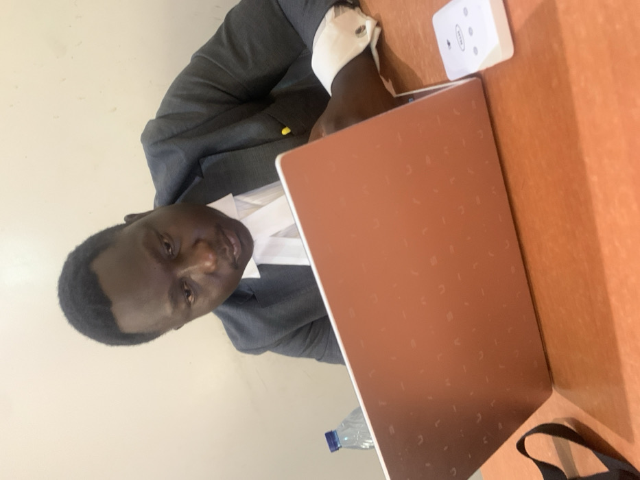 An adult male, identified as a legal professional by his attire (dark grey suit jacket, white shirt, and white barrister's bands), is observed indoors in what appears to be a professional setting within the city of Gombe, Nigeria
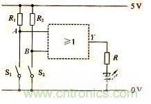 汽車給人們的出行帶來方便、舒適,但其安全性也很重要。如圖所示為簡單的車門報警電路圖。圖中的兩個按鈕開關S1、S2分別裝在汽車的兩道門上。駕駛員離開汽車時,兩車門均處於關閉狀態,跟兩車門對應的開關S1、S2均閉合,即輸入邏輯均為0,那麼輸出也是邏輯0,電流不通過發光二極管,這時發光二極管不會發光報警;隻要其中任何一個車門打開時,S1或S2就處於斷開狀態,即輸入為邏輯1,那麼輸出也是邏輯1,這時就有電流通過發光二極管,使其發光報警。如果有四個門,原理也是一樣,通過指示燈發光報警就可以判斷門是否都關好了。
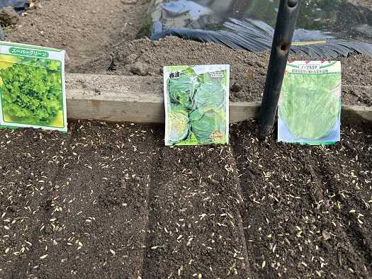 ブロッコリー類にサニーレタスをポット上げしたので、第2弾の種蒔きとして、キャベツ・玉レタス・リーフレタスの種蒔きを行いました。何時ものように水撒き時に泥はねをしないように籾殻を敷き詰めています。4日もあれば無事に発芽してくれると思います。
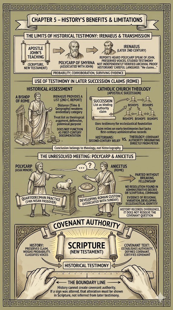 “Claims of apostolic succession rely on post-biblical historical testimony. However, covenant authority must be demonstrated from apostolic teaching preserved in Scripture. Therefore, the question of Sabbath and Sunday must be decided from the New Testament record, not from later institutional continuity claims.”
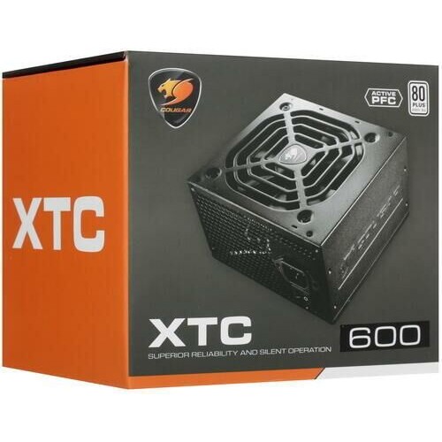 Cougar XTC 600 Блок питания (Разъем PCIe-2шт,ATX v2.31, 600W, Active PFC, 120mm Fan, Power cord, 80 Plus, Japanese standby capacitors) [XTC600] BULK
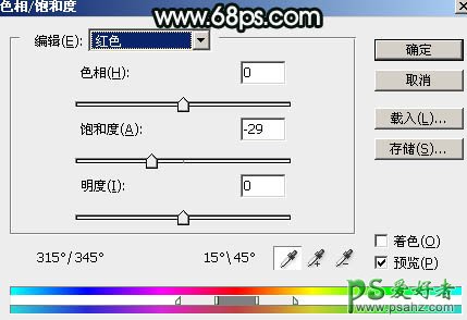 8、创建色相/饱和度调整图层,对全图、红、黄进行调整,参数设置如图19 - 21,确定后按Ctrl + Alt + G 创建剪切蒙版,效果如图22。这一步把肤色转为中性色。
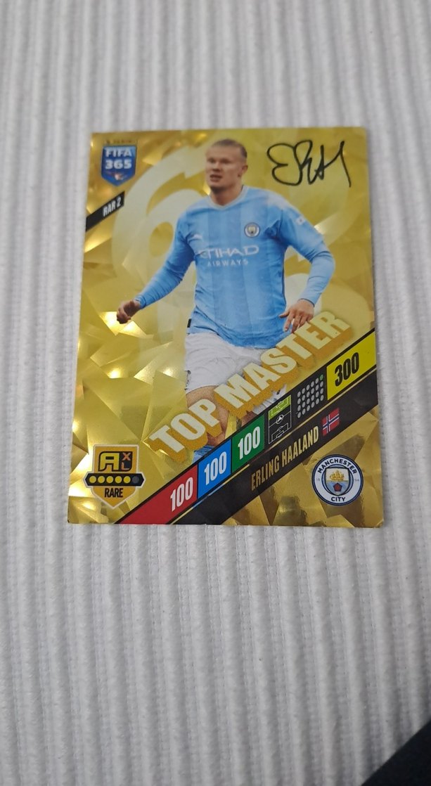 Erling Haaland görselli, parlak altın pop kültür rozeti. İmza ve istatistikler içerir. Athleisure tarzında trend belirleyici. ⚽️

※ ※ ※

◆ **Work item**: An exact copy of the entries, minus the pictures, is what to return.

◆ **Reply**:
 An adult male, identified as a legal professional by his attire (dark grey suit jacket, white shirt, and white barrister's bands), is observed indoors in what appears to be a professional setting within the city of Gombe, Nigeria
 汽車給人們的出行帶來方便、舒適,但其安全性也很重要。如圖所示為簡單的車門報警電路圖。圖中的兩個按鈕開關S1、S2分別裝在汽車的兩道門上。駕駛員離開汽車時,兩車門均處於關閉狀態,跟兩車門對應的開關S1、S2均閉合,即輸入邏輯均為0,那麼輸出也是邏輯0,電流不通過發光二極管,這時發光二極管不會發光報警;隻要其中任何一個車門打開時,S1或S2就處於斷開狀態,即輸入為邏輯1,那麼輸出也是邏輯1,這時就有電流通過發光二極管,使其發光報警。如果有四個門,原理也是一樣,通過指示燈發光報警就可以判斷門是否都關好了。
 ブロッコリー類にサニーレタスをポット上げしたので、第2弾の種蒔きとして、キャベツ・玉レタス・リーフレタスの種蒔きを行いました。何時ものように水撒き時に泥はねをしないように籾殻を敷き詰めています。4日もあれば無事に発芽してくれると思います。
 “Claims of apostolic succession rely on post-biblical historical testimony. However, covenant authority must be demonstrated from apostolic teaching preserved in Scripture. Therefore, the question of Sabbath and Sunday must be decided from the New Testament record, not from later institutional continuity claims.”
 Cougar XTC 600 Блок питания (Разъем PCIe-2шт,ATX v2.31, 600W, Active PFC, 120mm Fan, Power cord, 80 Plus, Japanese standby capacitors) [XTC600] BULK
 8、创建色相/饱和度调整图层,对全图、红、黄进行调整,参数设置如图19 - 21,确定后按Ctrl + Alt + G 创建剪切蒙版,效果如图22。这一步把肤色转为中性色。
 Erling Haaland görselli, parlak altın pop kültür rozeti. İmza ve istatistikler içerir. Athleisure tarzında trend belirleyici. ⚽️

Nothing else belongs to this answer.